**Supplied entries**
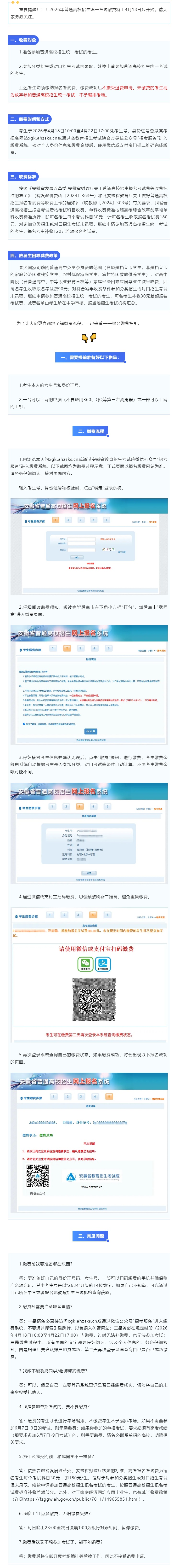 重要提醒︱安徽省2026年普通高校招生报名考试缴费办法
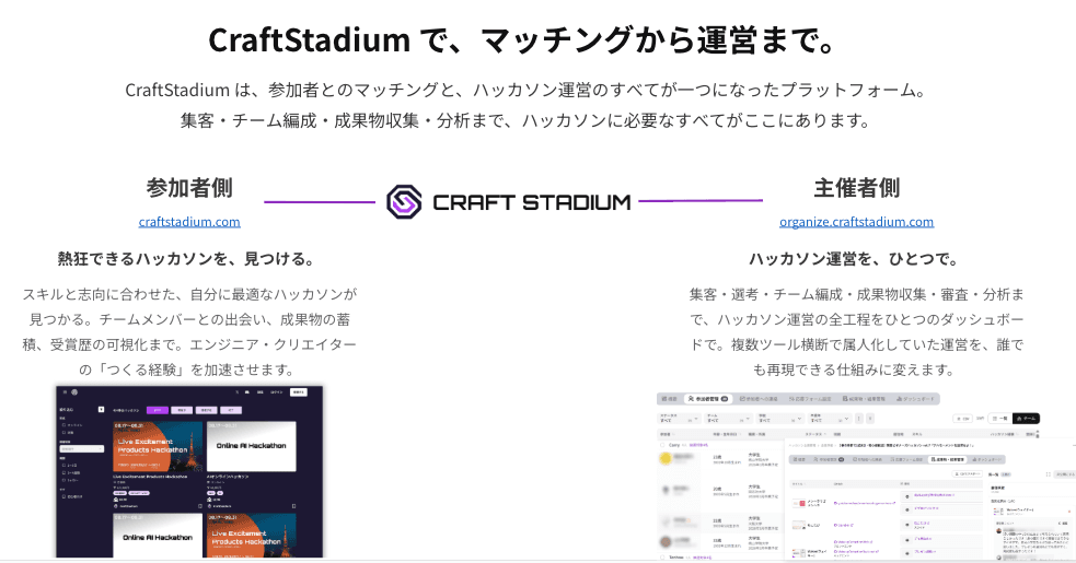 ハッカソン開催を検討する企業向けに、connpass等の汎用ツールでは対応しきれない課題と、専用プラットフォームCraftStadiumが提供する価値を解説します。
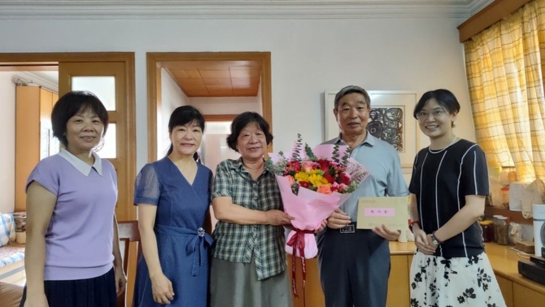 慰问广东省五一劳动奖章获得者原校党委副书记刘美南同志(右二)(来源:校工会)
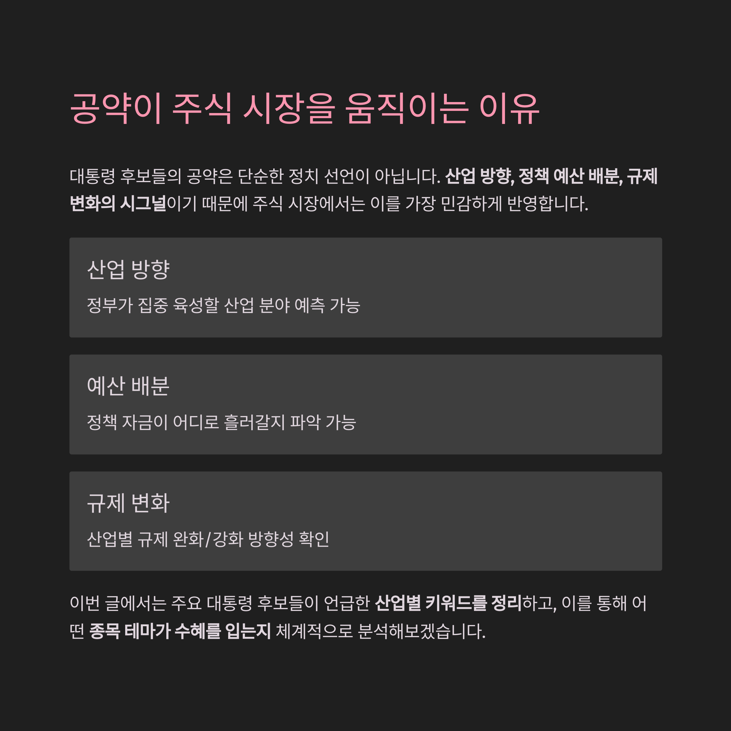 후보 공약 속 산업 키워드가 주식 시장을 움직인다
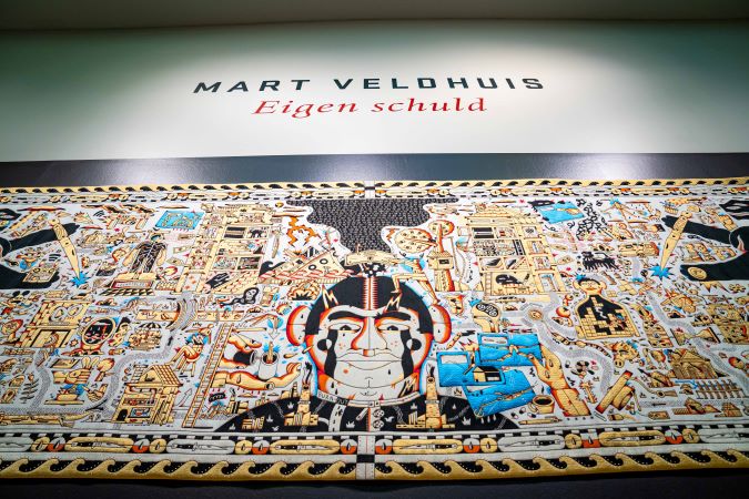 DORDRECHT – Een vuist maken tegen het leenstelsel. Dat is wat illustrator Mart Veldhuis voor ogen had bij het maken van zijn indrukwekkende wandtapijt Eigen schuld. Hij geeft hierop uitdrukking aan de stress, druk en andere ongemakken die ontstaan bij een studieschuld. Op het bijna vijf meter brede wandtapijt is te zien hoe het leven van een student met schulden er uitziet. Het Dordrechts Museum toont het vanaf 6 april aan haar bezoekers.
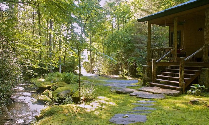 Our luxury and secluded waterfall cabin is nestled just 25 feet from a beautiful waterfall with a private stream coming within 10 feet of the master bedroom. Our secluded cabin is located in the North Carolina Blue Ridge Mountains just 12 miles from Brevard and 1/2 mile off a paved road. A true mountain cabin retreat surrounded by pristine forest and bordered on two sides by an 8000-acre private preserve. Just a stone's throw away is a roomy front porch where solitude and relaxation begin while settling down in a rocker or listening to the calming waterfall or the rain hitting the tin roof.
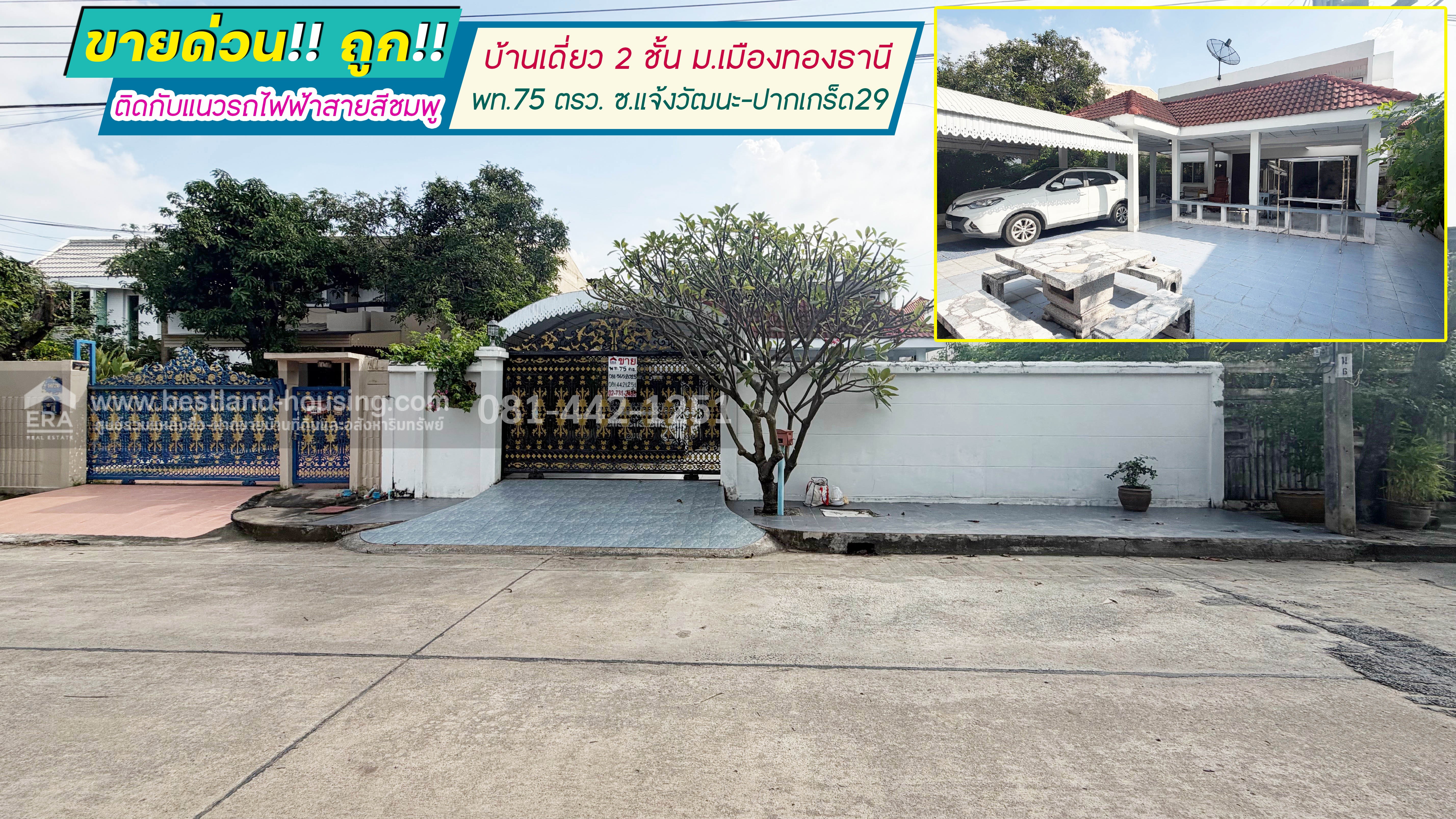 ขายบ้านเดี่ยว 2 ชั้น หมู่บ้านเมืองทองธานี ซอยแจ้งวัฒนะ-ปากเกร็ด29 ย่านเมืองทองธานี พื้นที่ 75 ตรว. ขาย 13.5 ล้านบาท บ้านสภาพดี ติดกับแนวรถไฟฟ้าสายสีชมพู ใกล้สถานีศรีรัช

**Your instructions**
A verbatim transcript of the material above, with images dropped, is the expected output.

**The completed task**
 重要提醒︱安徽省2026年普通高校招生报名考试缴费办法
 ハッカソン開催を検討する企業向けに、connpass等の汎用ツールでは対応しきれない課題と、専用プラットフォームCraftStadiumが提供する価値を解説します。
 慰问广东省五一劳动奖章获得者原校党委副书记刘美南同志(右二)(来源:校工会)
 후보 공약 속 산업 키워드가 주식 시장을 움직인다
 DORDRECHT – Een vuist maken tegen het leenstelsel. Dat is wat illustrator Mart Veldhuis voor ogen had bij het maken van zijn indrukwekkende wandtapijt Eigen schuld. Hij geeft hierop uitdrukking aan de stress, druk en andere ongemakken die ontstaan bij een studieschuld. Op het bijna vijf meter brede wandtapijt is te zien hoe het leven van een student met schulden er uitziet. Het Dordrechts Museum toont het vanaf 6 april aan haar bezoekers.
 Our luxury and secluded waterfall cabin is nestled just 25 feet from a beautiful waterfall with a private stream coming within 10 feet of the master bedroom. Our secluded cabin is located in the North Carolina Blue Ridge Mountains just 12 miles from Brevard and 1/2 mile off a paved road. A true mountain cabin retreat surrounded by pristine forest and bordered on two sides by an 8000-acre private preserve. Just a stone's throw away is a roomy front porch where solitude and relaxation begin while settling down in a rocker or listening to the calming waterfall or the rain hitting the tin roof.
 ขายบ้านเดี่ยว 2 ชั้น หมู่บ้านเมืองทองธานี ซอยแจ้งวัฒนะ-ปากเกร็ด29 ย่านเมืองทองธานี พื้นที่ 75 ตรว. ขาย 13.5 ล้านบาท บ้านสภาพดี ติดกับแนวรถไฟฟ้าสายสีชมพู ใกล้สถานีศรีรัช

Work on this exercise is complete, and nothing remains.